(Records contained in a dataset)
____________________

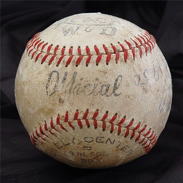 Evenly toned Reach W&D baseball has been inscribed in blue ballpoint pen by baseball's most revered and referenced pitcher, "Cy Young-Sept 27, 1950". Framed nicely by the red stitching along the side panel, it grades a "6.5" out of possible "10", the ball VG-EX.
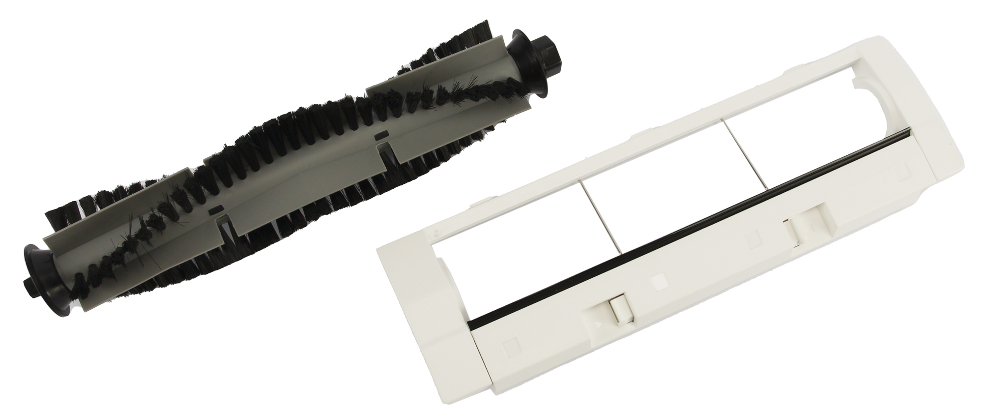 Отсек для щетки закрывается с помощью пластиковой рамки, оснащенной двумя защелками. Рамка подвижна — она имеет небольшой ход по вертикали, что обеспечивает наилучший контакт щетки с полом. Для защиты центральной щетки от проводов, ниток и тому подобных предметов предусмотрены две металлические перемычки.
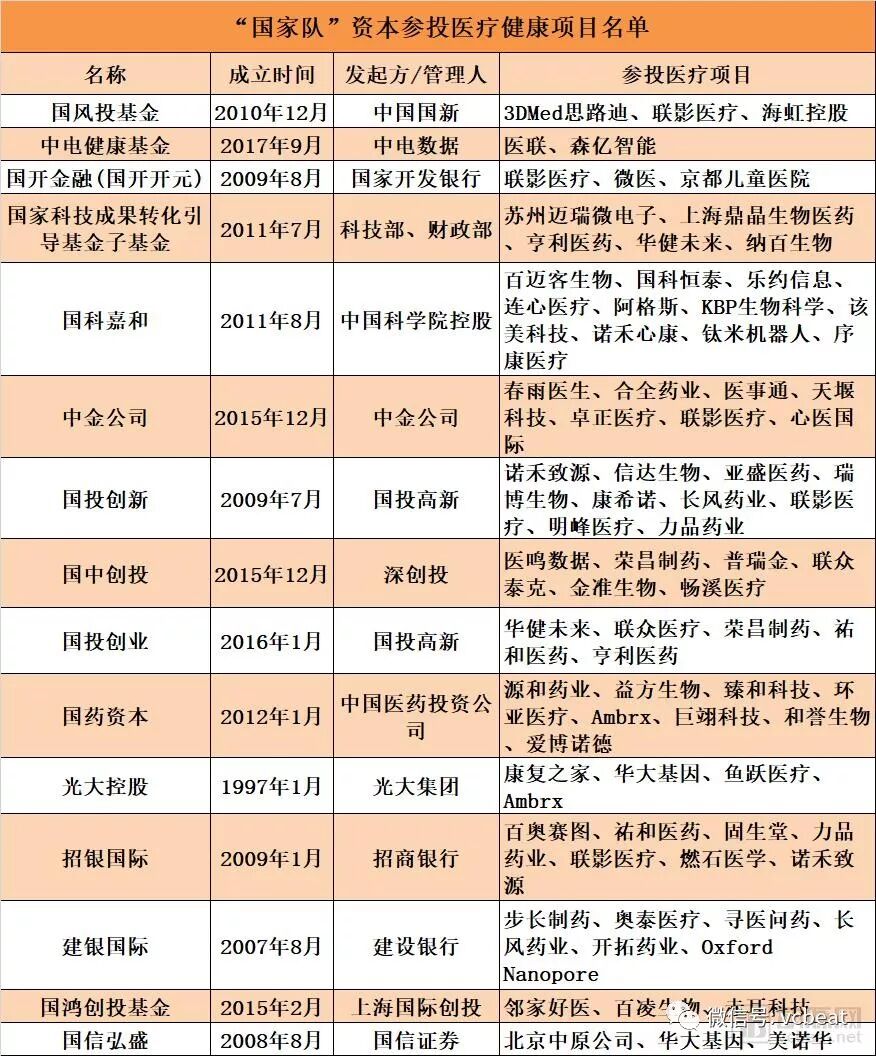 据不完全统计,近年共有15家“国家队”投资机构/基金参与医疗领域投资,涉及近70个项目。
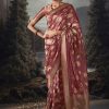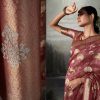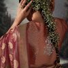 Rose embroidered banarasi wedding saree, embellished with swarovski stone and thread work enhanced by fancy tassels. The saree comes with a matching blouse.
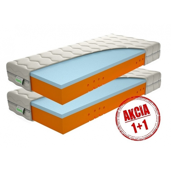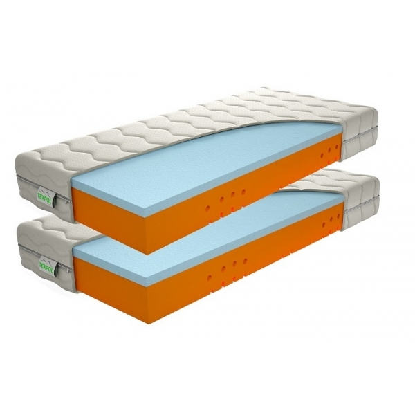 Vysoký 22 cm luxusný matrac je vyrobený z pamäťovej VISCO peny a značkovej PUR peny. Hrubá 4 cm pamäťová pena VISCO sa pod tlakom a telesným teplom dokonale poddá telu a stabilizuje ho v optimálnej polohe. Špeciálne tvarované penové jadro matraca obsahuje okrúhle otvory, ktoré slúžia na okopírovanie chrbtice a uvoľnenie svalstva, čo prispieva ku kľudnému a zdravému spánku.
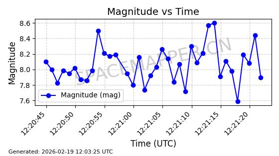 | STARLINK-3305 | 50166 | 50166 | 2021-12-18 同日期轨道 2021-125L 同批次轨道 | 在轨 | 95分钟 | 53.2194 | 538.512 | 540.894 | 0.0001721 | 2026-02-19 03:50:34 | ||
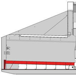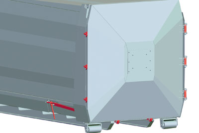 Sloping press floor: Also qualifies the press container for use with wet waste. Reduced susceptibility to repairs in the press chamber as liquids remain in the container. The technology area is clean.
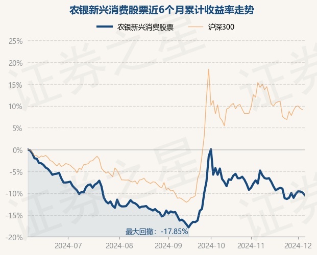 证券之星消息,12月5日,农银新兴消费股票最新单位净值为0.553元,累计净值为0.553元,较前一交易日下跌0.65%。历史数据显示该基金近1个月下跌3.62%,近3个月上涨4.54%,近6个月下跌10.45%,近1年下跌5.65%。该基金近6个月的累计收益率走势如下图:

____________________

**THE PROBLEM:**
Each entry above should be copied word for word, with the images omitted.

**TASK RESPONSE:**
 Evenly toned Reach W&D baseball has been inscribed in blue ballpoint pen by baseball's most revered and referenced pitcher, "Cy Young-Sept 27, 1950". Framed nicely by the red stitching along the side panel, it grades a "6.5" out of possible "10", the ball VG-EX.
 Отсек для щетки закрывается с помощью пластиковой рамки, оснащенной двумя защелками. Рамка подвижна — она имеет небольшой ход по вертикали, что обеспечивает наилучший контакт щетки с полом. Для защиты центральной щетки от проводов, ниток и тому подобных предметов предусмотрены две металлические перемычки.
 据不完全统计,近年共有15家“国家队”投资机构/基金参与医疗领域投资,涉及近70个项目。
 Rose embroidered banarasi wedding saree, embellished with swarovski stone and thread work enhanced by fancy tassels. The saree comes with a matching blouse.
 Vysoký 22 cm luxusný matrac je vyrobený z pamäťovej VISCO peny a značkovej PUR peny. Hrubá 4 cm pamäťová pena VISCO sa pod tlakom a telesným teplom dokonale poddá telu a stabilizuje ho v optimálnej polohe. Špeciálne tvarované penové jadro matraca obsahuje okrúhle otvory, ktoré slúžia na okopírovanie chrbtice a uvoľnenie svalstva, čo prispieva ku kľudnému a zdravému spánku.
 | STARLINK-3305 | 50166 | 50166 | 2021-12-18 同日期轨道 2021-125L 同批次轨道 | 在轨 | 95分钟 | 53.2194 | 538.512 | 540.894 | 0.0001721 | 2026-02-19 03:50:34 | ||
 Sloping press floor: Also qualifies the press container for use with wet waste. Reduced susceptibility to repairs in the press chamber as liquids remain in the container. The technology area is clean.
 证券之星消息,12月5日,农银新兴消费股票最新单位净值为0.553元,累计净值为0.553元,较前一交易日下跌0.65%。历史数据显示该基金近1个月下跌3.62%,近3个月上涨4.54%,近6个月下跌10.45%,近1年下跌5.65%。该基金近6个月的累计收益率走势如下图:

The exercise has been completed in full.